__Aim of the exercise__. Give back, exactly as written, the lines from the first line of the data below through the line with "شیرآلات مدل مرجان", and omit the pictures.

__Provided records__.

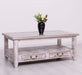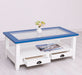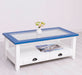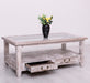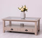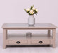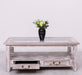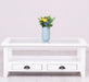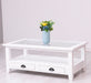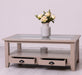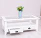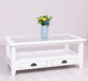 Glas-Couchtisch aus Massivholz mit zwei Schubladen
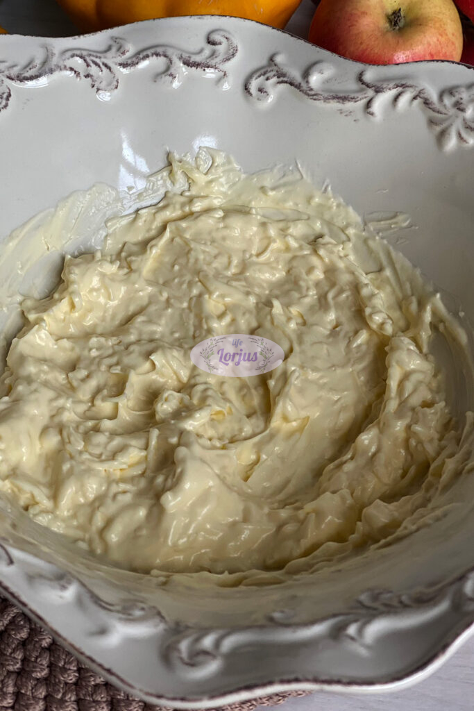 - Į dubenį dedame tris-keturis valgomuosius šaukštus majonezo, smulkia tarkele įtarkuojame maždaug 40-50g. “Gouda” sūrio, įspaudžiame česnako skilteles ir išmaišome.
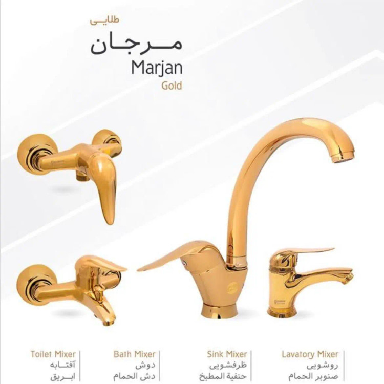 شیرآلات مدل مرجان برند طلاییه رنگ طلایی دست کامل شامل: ظرفشویی توالت حمام روشویی دارای ۵ سال گارانتی
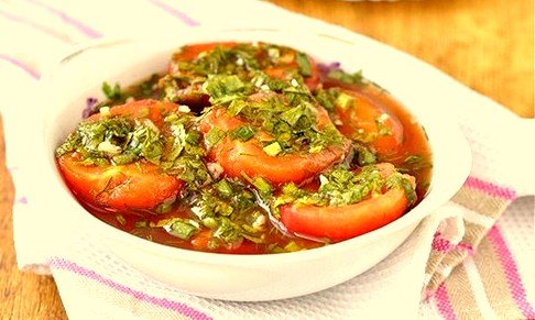 Описание: Не дожидаясь, пока выйдут у нас консервированные помидоры свежего урожая, можно приготовить очень быстрые, всего за два дня, малосольные помидоры с кетчупом. Это такая вкуснятина. Попробуйте. Может кто-то и знаком с таким рецептом, но для тех кто не знаком , этот рецепт может оказаться в Ваших любимых рецептах. Знакомьтесь!Ингредиенты:Помидоры сливовидные - 3 кг.,Зеленый лук - 50 гр.,Укроп - 50 гр.,Петрушка - 50 гр.,Чеснок - 1 головка,Перец черный молотый - по вкусу.Рассол:Вода бутилированная (или холодная кипяченная) - 4 стакана (1 литр)Кетчуп хорошего качества (у меня "Heinz")- 700 гр.,Соль - 2 ст.л.,Сахар - 2 ст.л.ПриготовлениеПомидоры промыть под проточной водой. Вырезать острым ножом плодоножку.Зелень помыть, обсушить, мелко нарезать. Чеснок мелко нарубить. Зелень с чесноком перемешать, поперчить черным свежемолотым перцем.бланшировать помидоры в кипящей воде ровно 2 минуты, не больше. Бланшируем частями.Вынимаем помидоры из горячей воды шумовкой, и сразу перекладываем в холодную воду.После всей этой процедуры, легко снимем кожицу у помидор.Очищенные помидоры режем на две части.Укладываем слоями в кастрюлю помидоры с зеленью (слой помидоров - зелень, помидоры - зелень). У меня 4-х литровая кастрюля заполнилась полностью.Для рассола смешать воду, кетчуп, соль и перец.Залить помидоры рассолом, закрыть крышкой и убрать в холодильник на 48 часов.Через 2 дня можно кушать! Эти помидоры спокойно простоят в холодильнике 2-3 недели, но у нас они столько не стоят, исчезают быстро.
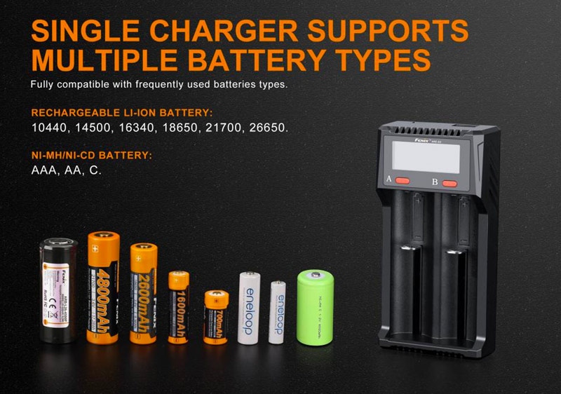 Модель Fenix ARE-D2 является по-настоящему универсальной. Она подходит для использования повседневно дома или в любых поездках. Заряжает это устройство 9 типов элементов питания. Подходящими являются аккумуляторы с литий-ионным электролитом размеров 10040, 18650, 21700, 14500, 16340, 26650, а также никель-кадмиевым и никель-металлгидридным - размеров ААА, АА, С.
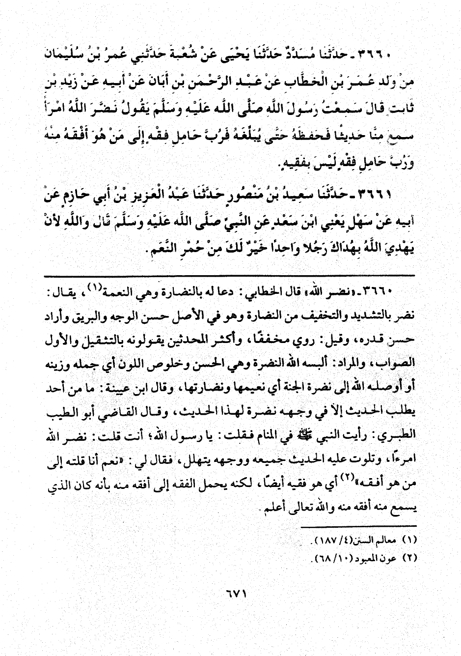 3660 - "نضر الله" قال الخطابي: دعا له بالنضارة وهي النعمة (¬1)، يقال: نضر بالتشديد والتخفيف من النضارة وهو في الأصل حسن الوجه والبريق وأراد حسن قدره، وقيل: روي مخففًا، وأكثر المحدثين يقولونه بالتثقيل والأول الصواب، والمراد: ألبسه الله النضرة وهي الحسن وخلوص اللون أي جمله وزينه أو أوصله الله إلى نضرة الجنة أي نعيمها ونضارتها، وقال ابن عيينة: ما من أحد يطلب الحديث إلا في وجهه نضرة لهذا الحديث، وقال القاضي أبو الطيب الطبري: رأيت النبي - صلى الله عليه وسلم - في المنام فقلت: يا رسول الله؛ أنت قلت: نضر الله امرءًا، وتلوت عليه الحديث جميعة ووجهه يتهلل، فقال لي: "نعم أنا قلته إلى من هو أفقه" (¬2) أي هو فقيه أيضًا، لكنه يحمل الفقه إلى أفقه منه بأنه كان الذي يسمع منه أفقه منه والله تعالى أعلم.
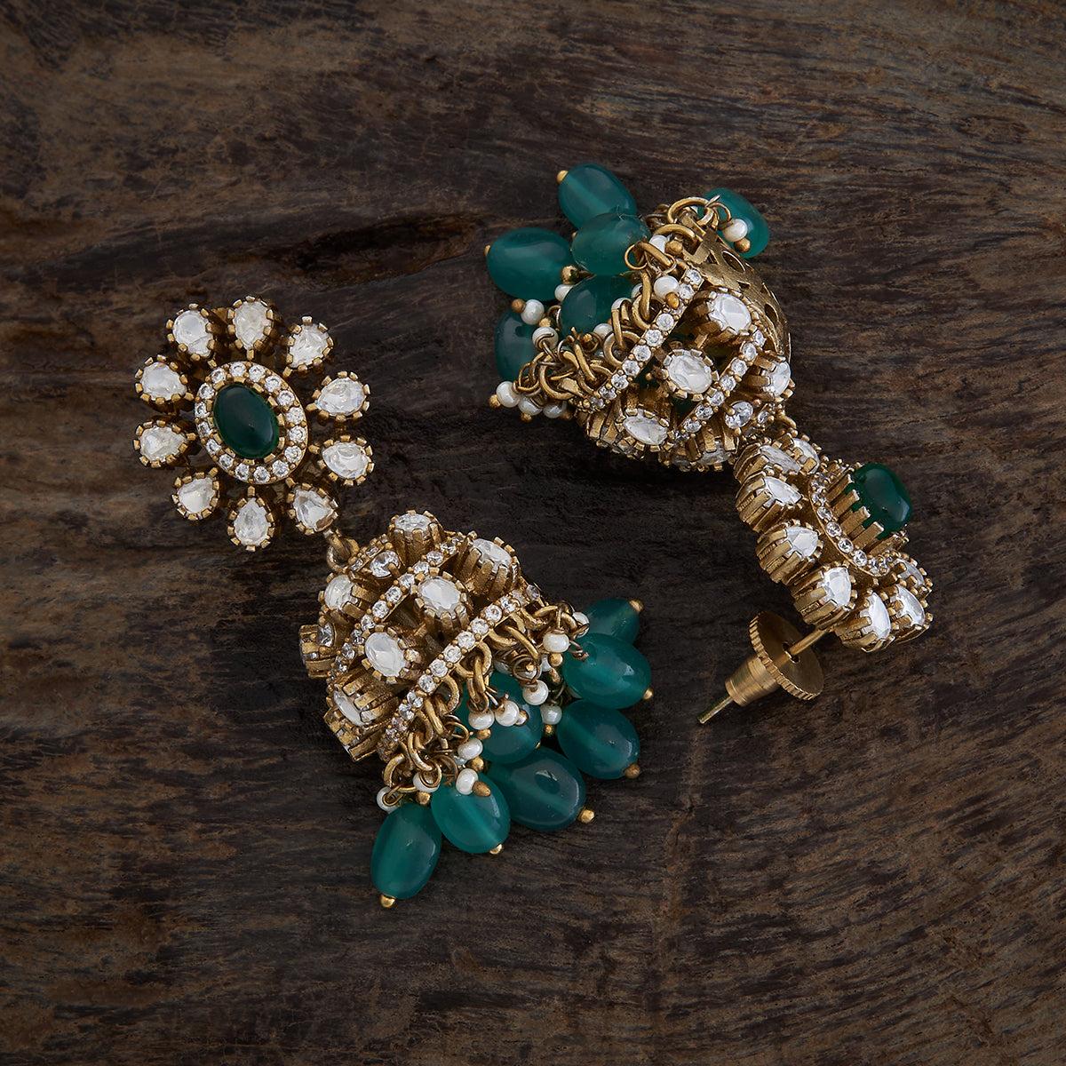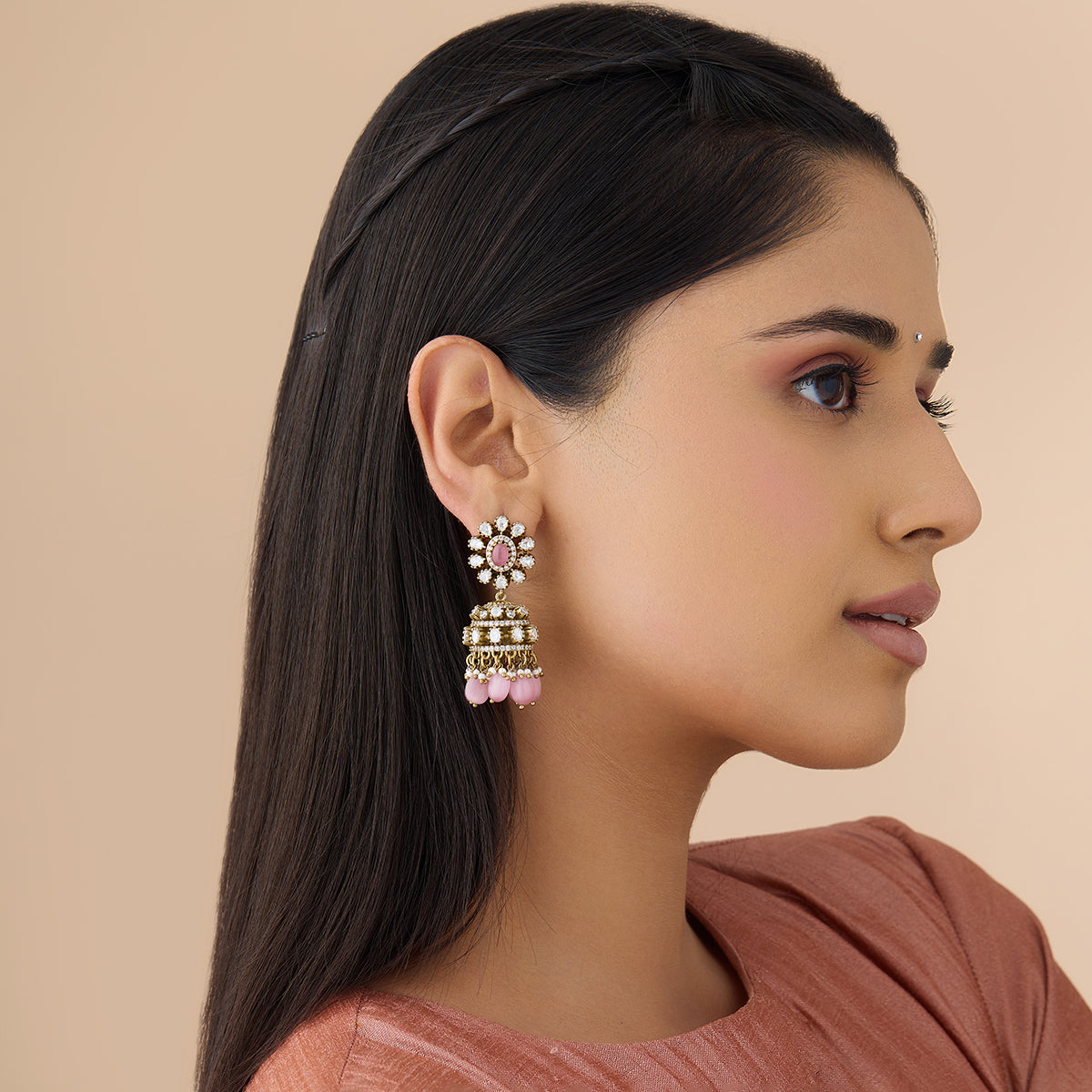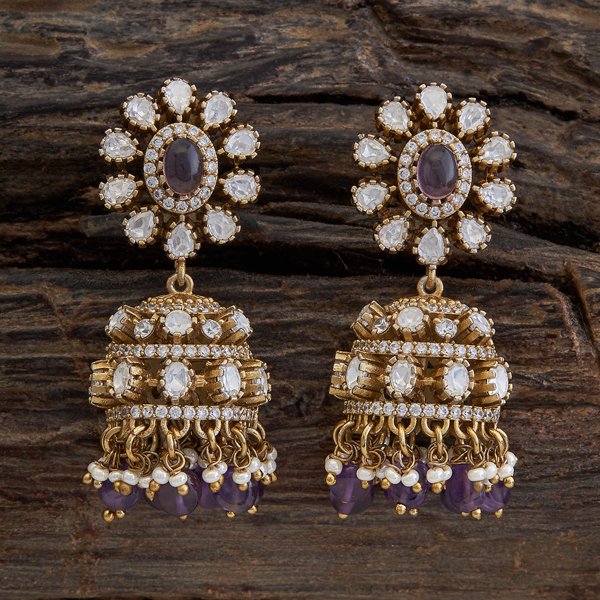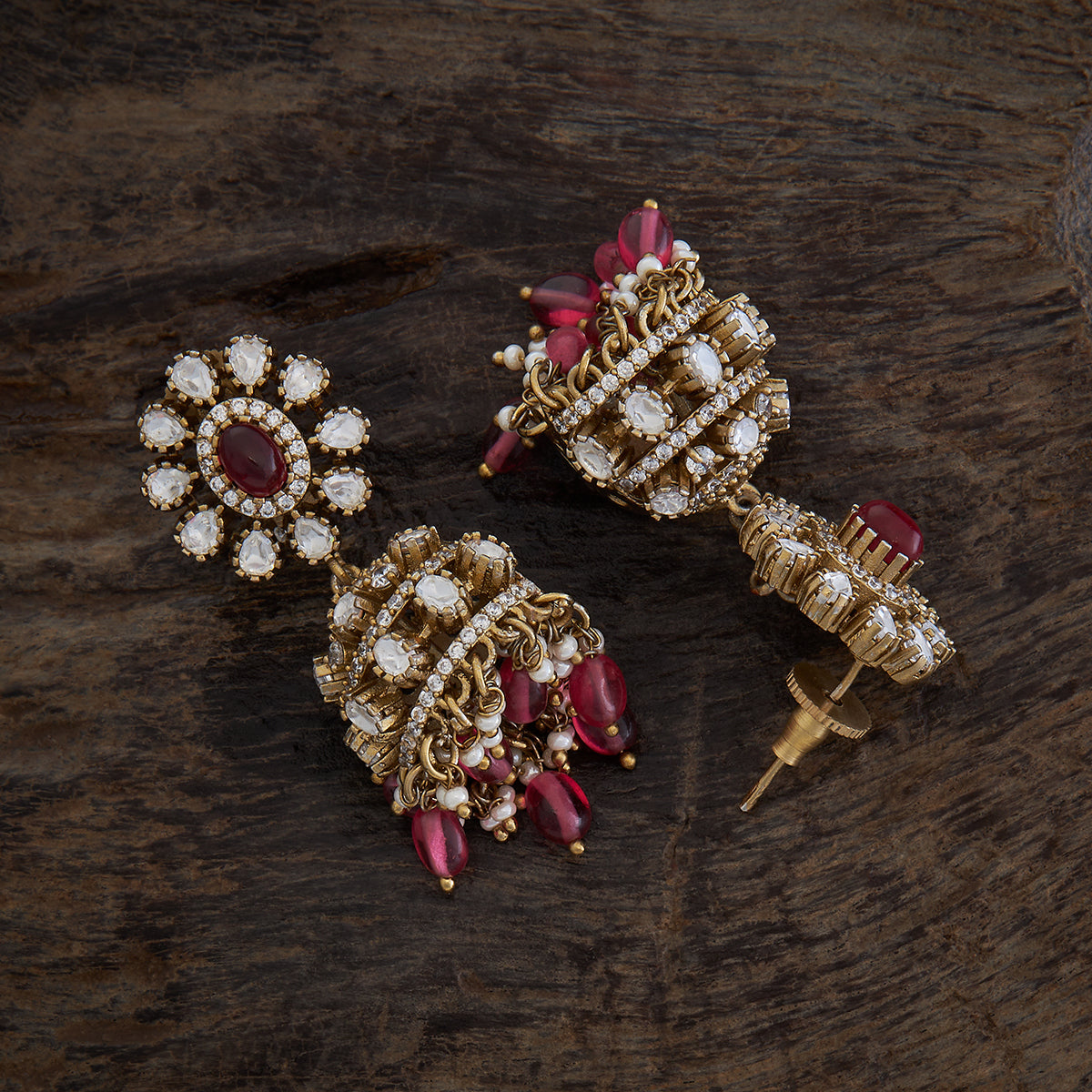 Amp up your style with Kushal�s Fashion Jewellery Kundan earrings! Featuring five stone colour options at the centre, surrounded by dazzling white zircon stones and white beads, these jhumkas perfectly complement your Indian outfit. Turn heads and dazzle with every move!
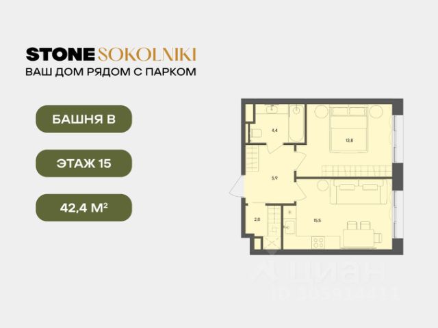 1-комн.кв. · 42,4 м² · 15/28 этаж
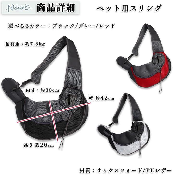 「商品内容」 ペット用スリング 材質:オックスフォード/PUレザー カラー:ブラック/グレー/レッド サイズ:幅/約42cm 高さ/約26cm 内寸幅/約30cm 耐荷重:約7.8kg
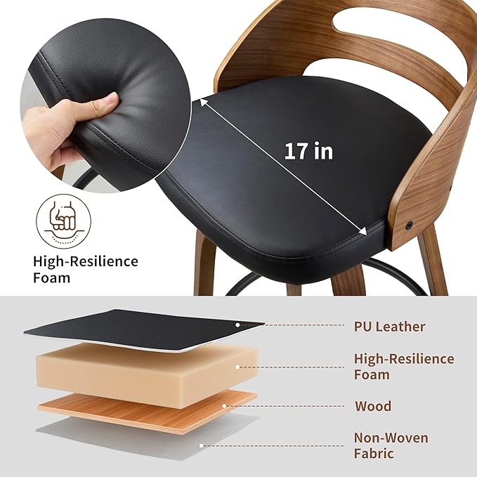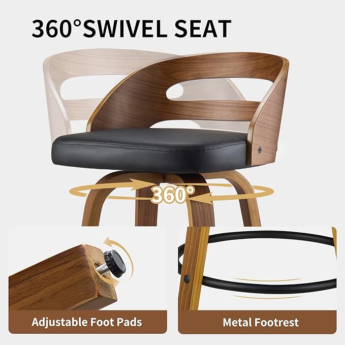 Swivel Bar Stools Set of 2, 26 Inch Counter Height Chairs with Walnut Wood Frame and Black Leather, Low Back, Footrest & Easy-Clean Design for Kitchen, Bar, or Dining Area
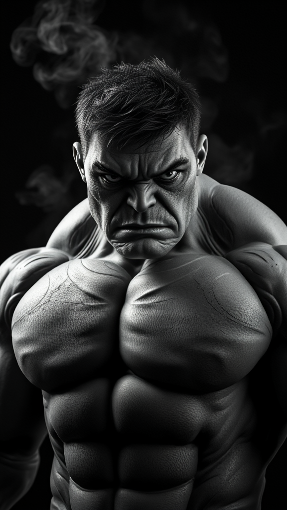 Marvel's Hulk superhero captured in the style of Lee Jeffries, featuring expressive eyes against a dark backdrop, with a proportionate physique. The image showcases photo-realistic clothing with extreme detail and high contrast in a black and white setting. Employing HDR with ray tracing and subsurface scattering, it integrates smoke effects using Unreal Engine 5, Octane Render, and V-Ray for ultra-high detail. The scene features volumetric lighting with a Hasselblad X1D-50c and XCD 120mm f/3.5 lens at ISO 200 to ensure sharp focus. The full-body shot is captured in 8k resolution, maintaining an aspect ratio of 9:18 for a dramatic and immersive visual experience. Subtle creative modifications include dynamic fabric textures and enhanced lighting contrasts to accentuate Hulk's powerful presence.

__Answer to the problem__.
 Glas-Couchtisch aus Massivholz mit zwei Schubladen
 - Į dubenį dedame tris-keturis valgomuosius šaukštus majonezo, smulkia tarkele įtarkuojame maždaug 40-50g. “Gouda” sūrio, įspaudžiame česnako skilteles ir išmaišome.
 شیرآلات مدل مرجان برند طلاییه رنگ طلایی دست کامل شامل: ظرفشویی توالت حمام روشویی دارای ۵ سال گارانتی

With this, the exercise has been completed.